Pirates attacked an oil tanker yesterday off the coast of Togo, taking control of its bridge and kidnapping 24 sailors before escaping amid an exchange of gunfire with a naval patrol boat, an anti-piracy organisation said.
The Associated Press (AP) reported that it wasn’t immediately clear if anyone was injured in the attack on the Greek-owned oil tanker, which had been anchored about 17 nautical miles (19 miles) away from Lome, Togo’s capital.
An official with the International Maritime Bureau, Noel Choong, the pirates took control of the vessel quickly, though an alarm from the ship alerted the Togolese navy. Choong said the navy boat trailed the tanker and sailors exchanged gunfire with the pirates before the tanker escaped.

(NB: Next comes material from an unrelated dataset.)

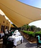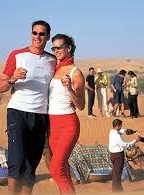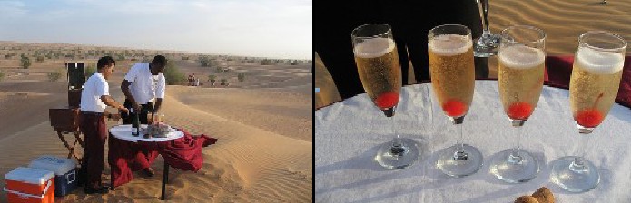 在check in 之前飯店會派一位很陽光的活動導遊 - 駕一輛寬敞的四驅車來門口接你通過度假村的兩層緩衝區,並在沿途向你簡報整個園區和兩天的行程。很多習以為常連相機都沒帶的有錢人,穿個短褲、一伸手就是一杯沁涼的香檳,伴隋著一望無際的沙漠落日... 人生的享受莫此為甚ㄚ~ ~~

A naval spokesman could not be immediately reached for comment Tuesday. The attack is just the latest to target West Africa’s Gulf of Guinea, which follows the continent’s southward curve from Liberia to Gabon. Over the last year, piracy there has escalated from low-level armed robberies to hijackings and cargo thefts.
Last year, a London-based Lloyd’s Market Association-an umbrella group of insurers-listed Nigeria, neighbouring Benin and nearby waters in the same risk category as Somalia, where two decades of war and anarchy have allowed piracy to flourish.
The attack on the Greek oil tanker comes about a week after a similar attack on another tanker in the region, Choong said. “In that attack, the pirates released the crew after stealing the oil onboard. Judging the past attacks, they will take the vessel for several days, ransack it, take the cargo and leave the sailors,” Choong said.